(Beginning of PROVIDED DATA)

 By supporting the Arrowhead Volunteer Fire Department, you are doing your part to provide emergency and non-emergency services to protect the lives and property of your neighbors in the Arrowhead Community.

(End of PROVIDED DATA)
(Beginning of PROVIDED DATA)

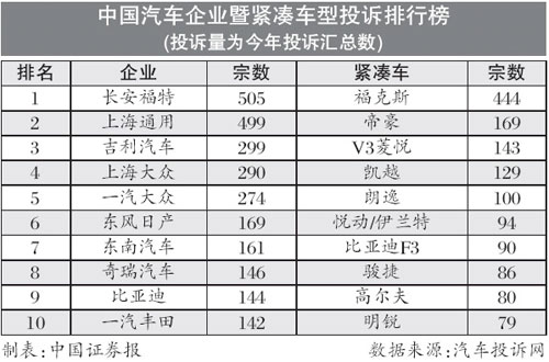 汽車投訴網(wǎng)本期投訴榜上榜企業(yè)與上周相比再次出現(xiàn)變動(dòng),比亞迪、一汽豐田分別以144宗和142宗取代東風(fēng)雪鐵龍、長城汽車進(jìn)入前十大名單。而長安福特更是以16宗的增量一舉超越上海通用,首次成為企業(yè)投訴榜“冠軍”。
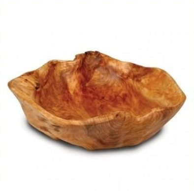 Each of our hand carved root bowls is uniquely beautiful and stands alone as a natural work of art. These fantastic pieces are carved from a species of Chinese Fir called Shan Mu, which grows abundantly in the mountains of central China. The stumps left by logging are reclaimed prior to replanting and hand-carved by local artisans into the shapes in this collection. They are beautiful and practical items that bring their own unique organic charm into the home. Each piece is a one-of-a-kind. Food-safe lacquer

(End of PROVIDED DATA)

### ACTIVITY:
A clean copy is needed of the lines in the listing above from the one with "汽車投訴網(wǎng)本期投" through the one with "Each of our", exact in every word and free of pictures.

### RESPONSE BOX:
 汽車投訴網(wǎng)本期投訴榜上榜企業(yè)與上周相比再次出現(xiàn)變動(dòng),比亞迪、一汽豐田分別以144宗和142宗取代東風(fēng)雪鐵龍、長城汽車進(jìn)入前十大名單。而長安福特更是以16宗的增量一舉超越上海通用,首次成為企業(yè)投訴榜“冠軍”。
 Each of our hand carved root bowls is uniquely beautiful and stands alone as a natural work of art. These fantastic pieces are carved from a species of Chinese Fir called Shan Mu, which grows abundantly in the mountains of central China. The stumps left by logging are reclaimed prior to replanting and hand-carved by local artisans into the shapes in this collection. They are beautiful and practical items that bring their own unique organic charm into the home. Each piece is a one-of-a-kind. Food-safe lacquer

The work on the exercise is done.